Agatha Christie uses thallium as a poison in The Pale Horse.

I've heard that AC is quite popular in Russia.

I wondered about the Russian Mafia as well.
 
coldelephant said:
Therein lies the real mystery.

What if it was some cack handed amateur the Russian Mafia had indirectly hired through an administrative error?

Why Russian Mafia?

Well that leads into another conspiracy theory that Putin is in fact their lackey.

well he does business with some pretty dodgy people apparently.

http://www.telegraph.co.uk/money/main.j ... bram02.xml
 
Didn't somebody try to bump off Ukrainian president Viktor Yushchenko with Thallium? I wonder if it's the same people behind both plots, or is this a popular way of assassination in Eastern Europe?
 
Timble2 said:
Agatha Christie uses thallium as a poison in The Pale Horse.
.

But wasn't young Mr. Graham Young the first Briton to actually carry out a murder by thallium?
 
gncxx said:
Didn't somebody try to bump off Ukrainian president Viktor Yushchenko with Thallium? I wonder if it's the same people behind both plots, or is this a popular way of assassination in Eastern Europe?
Dioxins.

...

More news. Apparently who ever had a go at the ex-KGB man used radioactive thallium.
http://news.bbc.co.uk/2/hi/uk_news/6167728.stm

Radioactive poison fear over spy
Tuesday, 21 November 2006

The Russian dissident ill in a London hospital may have been poisoned with a radioactive substance, an expert toxicologist has said.

Professor John Henry said Alexander Litvinenko, 41, had symptoms consistent with thallium poisoning but other symptoms linked to other substances.

"It's not 100% thallium," Dr Henry said outside University College Hospital.

He said the poison may have been radioactive thallium, which would now be difficult to trace.

He said: "It may be too late. If it's a radioactive poison with a short half-life it may have gone.

"Radioactive thallium degrades very rapidly so that by now we've missed the chance [to trace the poison]."

Radioactive thallium is used in hospitals but Dr Henry said it was not used in massive doses consistent with Mr Litvinenko's condition.

The critic of Russian President Vladimir Putin fell ill on 1 November after a meeting at a London sushi bar.

'Sheer nonsense'

Scotland Yard anti-terrorist officers have taken charge of the investigation into the poisoning by thallium of a former KGB colonel living in the UK.

The hospital said his condition was unchanged overnight.

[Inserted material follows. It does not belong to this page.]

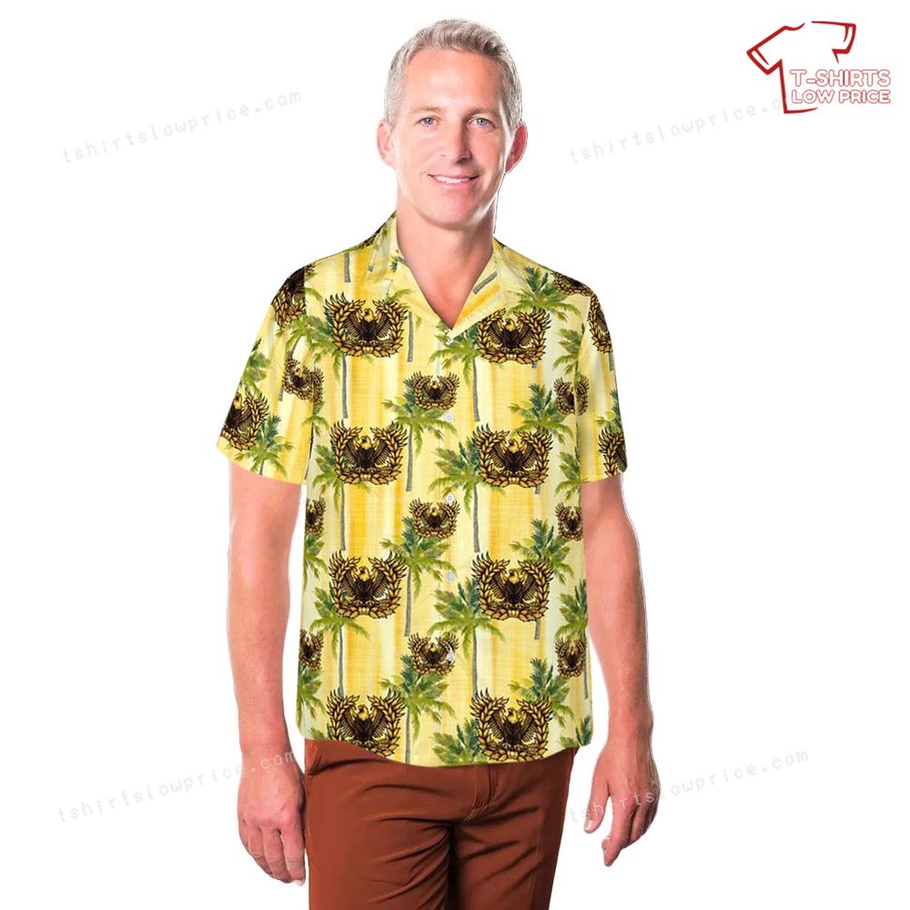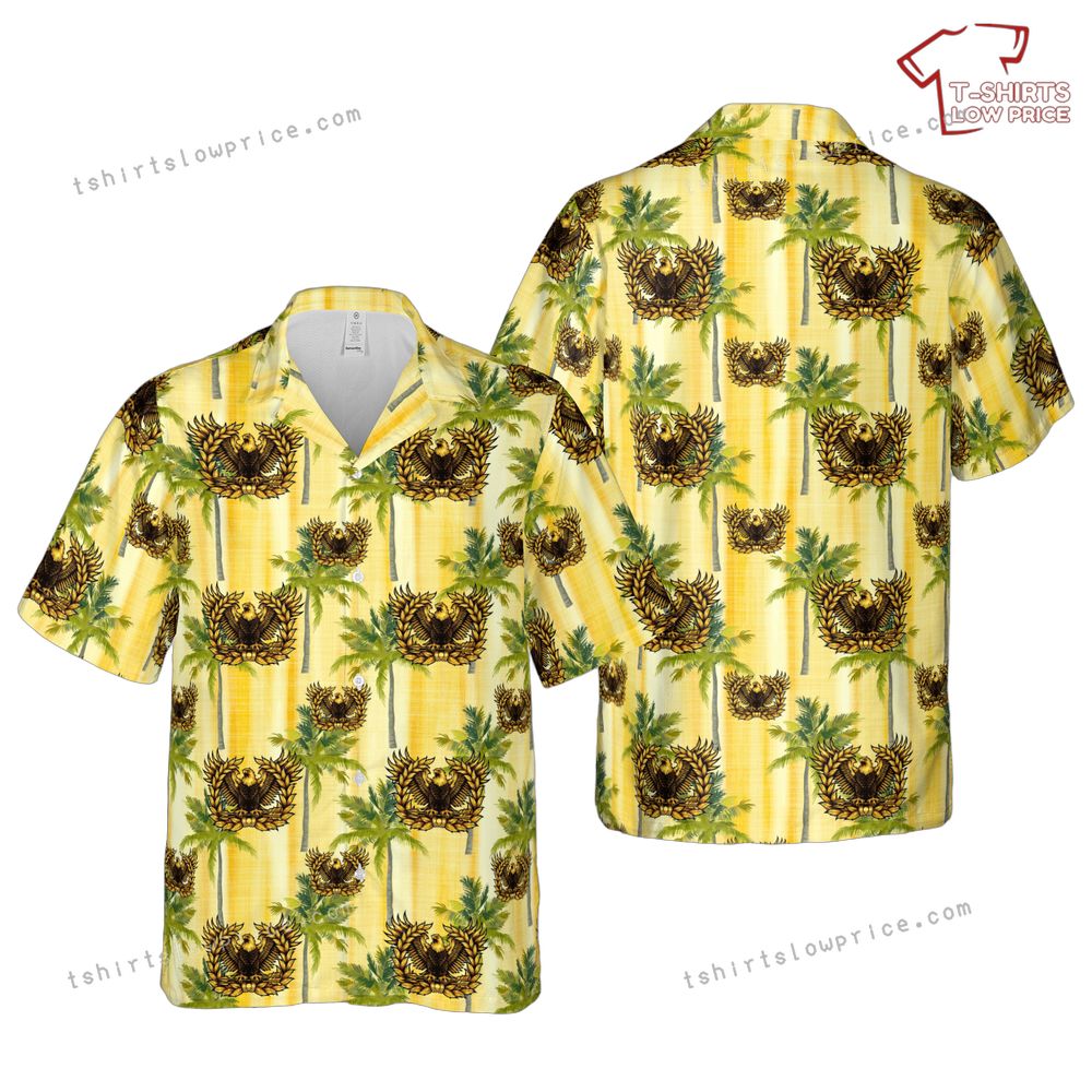 The artwork on this Hawaiian shirt combines the powerful imagery of the US Army Eagle Rising Warrant Officer emblem with a serene tropical landscape. The eagle, a universal symbol of courage and freedom, is intricately detailed, capturing its majestic essence. Set against a bright, sunlit yellow palette, the palm trees evoke a sense of relaxation and summertime joy. Together, these elements create a harmonious and inspiring design that honors the strength and resilience of military personnel while celebrating the beauty of tropical environments.

The Kremlin has dismissed as "sheer nonsense" claims it was involved.

...
 
OldTimeRadio said:
Timble2 said:
Agatha Christie uses thallium as a poison in The Pale Horse.
.

But wasn't young Mr. Graham Young the first Briton to actually carry out a murder by thallium?

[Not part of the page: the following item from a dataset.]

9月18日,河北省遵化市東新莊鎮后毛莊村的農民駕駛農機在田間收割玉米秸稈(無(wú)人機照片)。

He definitely used it - I'm not entirely sure as to whether he was the first to do so, however.

Meanwhile, doctors aren't now so sure that Mr. Litvinenko was poisoned with thallium: -

Poisoned spy 'had death threats'

A friend of a former Russian spy seriously ill in a London hospital said both had received e-mail threats days before his poisoning.


Italian Mario Scaramella told a Rome press conference that he met Alexander Litvinenko the day he fell ill.

Scotland Yard anti-terrorist officers have taken charge of the investigation.

Meanwhile, doubts persist over whether the substance responsible for Mr Litvinenko's illness was the toxic metal thallium, or some other poison.

Toxicologist Professor John Henry said at University College Hospital that the poison may have been a radioactive form of thallium, which would now be difficult to trace, but that some other substance was also involved.

Meanwhile, officers are treating the case as a suspected "deliberate poisoning" and say it could have taken place in the last two weeks.

Police have not yet identified the 'time window' in which the poisoning was administered.

The doctor treating the former spy said in the hospital's first official statement that the cause may never be found.

Dr Amit Nathwani said it was possible he may not have been poisoned by thallium, adding that he could not be sure because of the time he presented himself to University College Hospital.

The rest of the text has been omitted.